Následující text není historickou studií. Jedná se o převyprávění pamětníkových životních osudů na základě jeho vzpomínek zaznamenaných v rozhovoru. Vyprávění zpracovali externí spolupracovníci Paměti národa. V některých případech jsou při zpracování medailonu využity materiály zpřístupněné Archivem bezpečnostních složek (ABS), Státními okresními archivy (SOA), Národním archivem (NA), či jinými institucemi. Užíváme je pouze jako doplněk pamětníkova svědectví. Citované strany svazků jsou uloženy v sekci Dodatečné materiály.
Pokud máte k textu připomínky nebo jej chcete doplnit, kontaktujte prosím šéfredaktora Paměti národa. (michal.smid@ustrcr.cz)
Nie pozwolili wyjeżdżać do Polski
Urodził się 1 kwietnia 1924 roku w miejscowości Rudobiście
Ukończył szkołę w 1938 roku
Gdy wybuchła wojna sowiecko-niemiecka 1 września 1944 roku wstąpił do pułku na Litwie, aby przyłączyć się do polskiego wojska
walczył na froncie koło Warszawy w 1944 roku
Po miesiącu ruszyli w kierunku Berlina i połączyli się z wojskiem amerykańskim nad Łabą
Gdy skończyła się wojna wrócił do Polski
Po demobilizacji i zwolnieniu z wojska przyjechał na dawne Kresy w 1954 roku, żeby wraz z rodziną wyjechać do Polski
Został zatrzymany na Białorusi i pracował w sowchozie
Następnie wyjechał do Dyneburga i pracował na kolei
Konstanty Bałtrusiewicz urodził się 1 kwietnia 1924 roku w miejscowości Rudobiście w powiecie brasławskim, województwa wileńskiego jako syn Jana i Kazimiery z Ławrynowiczów. Był jedynakiem. Uczęszczał do polskiej szkoły powszechnej w Jodach, 25 km od wsi Rudobiście, gdzie ukończył 7 klasę w 1938 roku. Następnie poszedł do gimnazjum do Brasławia, za które nie płacił, ponieważ był wzorowym uczniem i jego dalszą edukację opłacała gmina. W tej szkole skończył tylko dwie klasy, gdyż wybuchła wojna. W dzieciństwie pracował na roli, pomagając ojcu na ich 12 ha ziemi. Grywał na organach w kościele w Jodach.

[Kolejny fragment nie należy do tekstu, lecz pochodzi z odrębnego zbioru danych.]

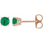 14K Rose Gold 2.5 mm Lab-Grown Emerald Earrings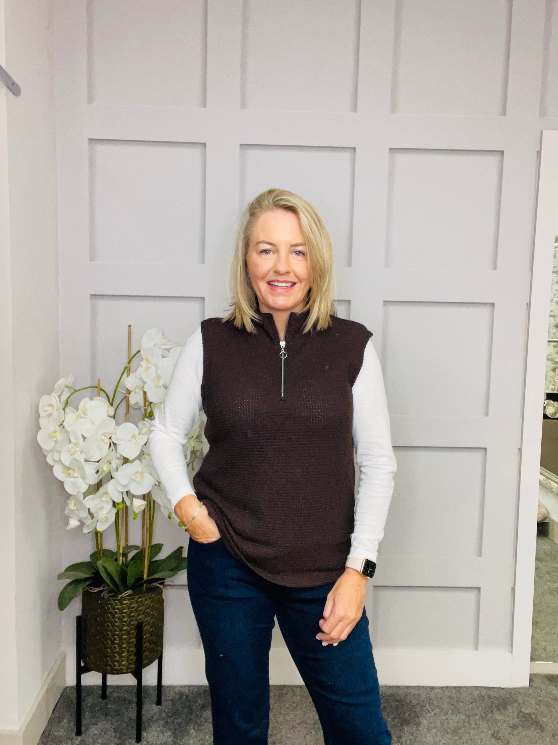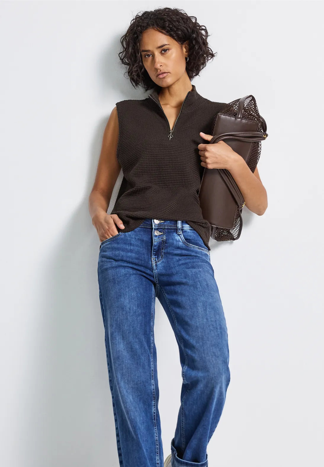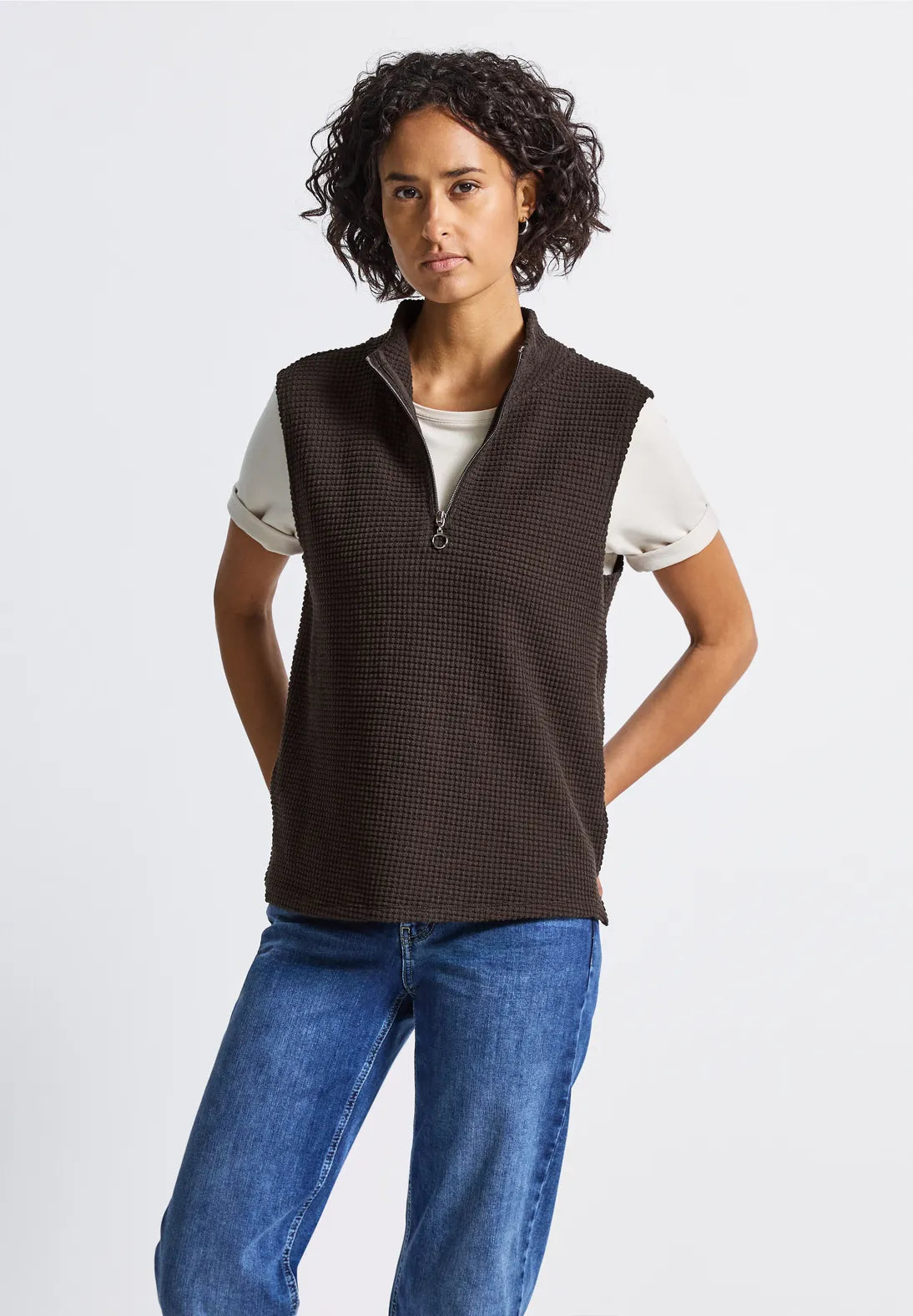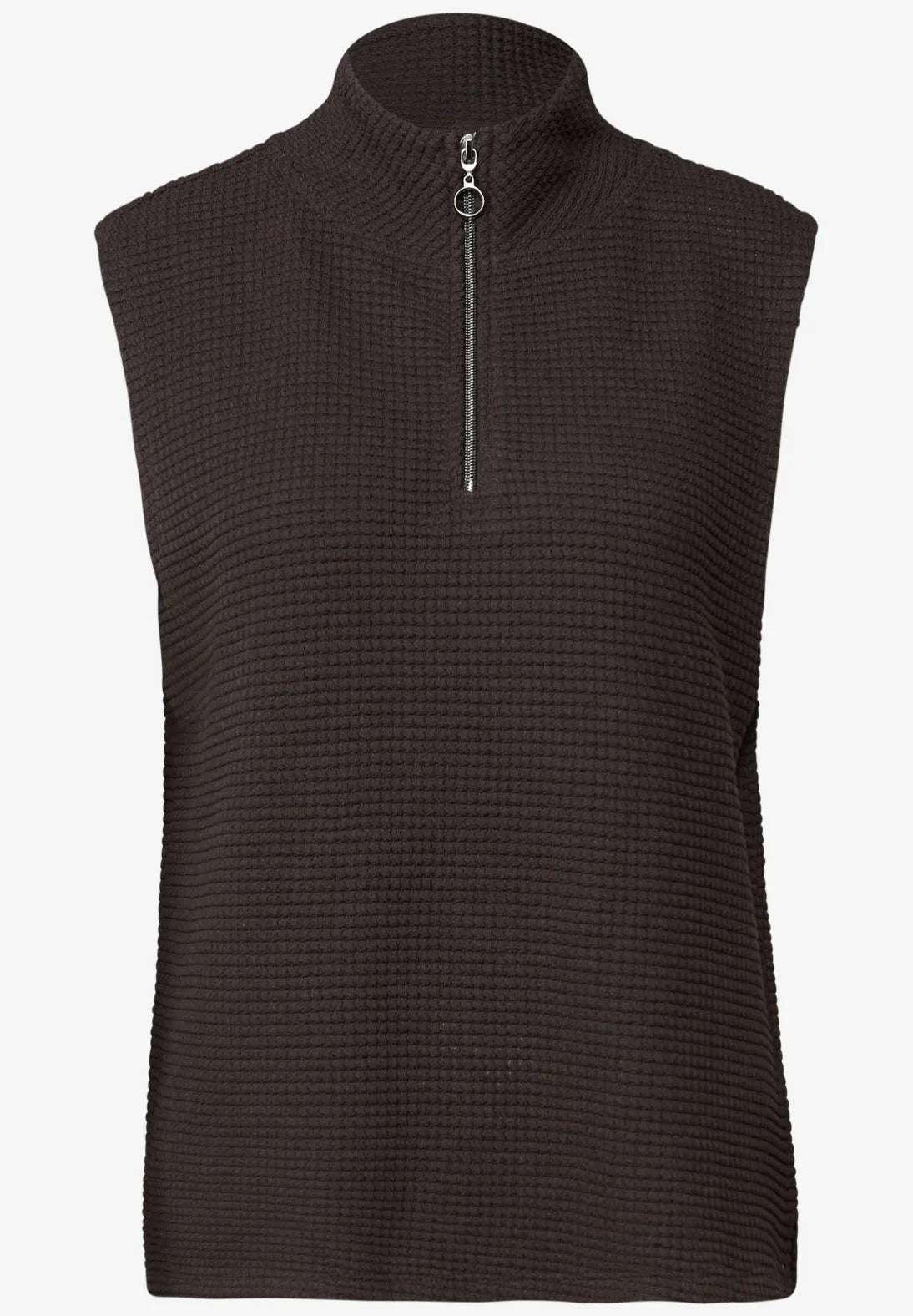 The sleeveless structured top for women brings modern sophistication to your look with a turtleneck and decorative zipper detail. The soft quality ensures high wearing comfort, while side slits provide freedom of movement and a fashionable twist. Ideal for trend-conscious layering outfits.

Gdy wybuchła wojna sowiecko-niemiecka 1 września 1944 roku wstąpił do pułku na Litwie, aby przyłączyć się do polskiego wojska. Szczęściem uniknął wywózki na Syberię wraz z innymi żołnierzami i przez Ukrainę, gdzie spotkał polski pułki dotarł do Lublina z Armią Kościuszkowską. A 13 września 1944 roku z I pułkiem artylerii dotarli do Majdanka. Po kilku dniach postoju w obozie wyruszyli przez Rembertów do Warszawy. W pułku został przydzielony do łączności i walczył na froncie Stare Bródno koło Warszawy w 1944 roku. Przez krótki czas pracował też w radiostacji. Po zdobyciu Warszawy wraz z wojskiem dotarł aż do miejscowości Stabnice nad Zatoką Szczecińską. Po miesiącu ruszyli w kierunku Berlina i połączyli się z wojskiem amerykańskim nad rzeką Łabą. Gdy skończyła się wojna wrócił do Polski, do Łukowa na południe od Warszawy. Tam ukończył szkołę kierowców samochodów i dotarł do Siedlec. Przez rok pracował w Przemyślu jako kierowca i ochroniarz pułkownika. Po demobilizacji (1 marca 1947 roku) i zwolnieniu z wojska przyjechał na dawne Kresy w 1954 roku, żeby wraz z rodziną wyjechać do Polski. Został zatrzymany na Białoruskiej SRR i pracował w sowchozie. Następnie wyjechał do Dyneburga i pracował na kolei. Od 1998 roku należy do Związku Polaków „Promień” i Związku Kombatantów.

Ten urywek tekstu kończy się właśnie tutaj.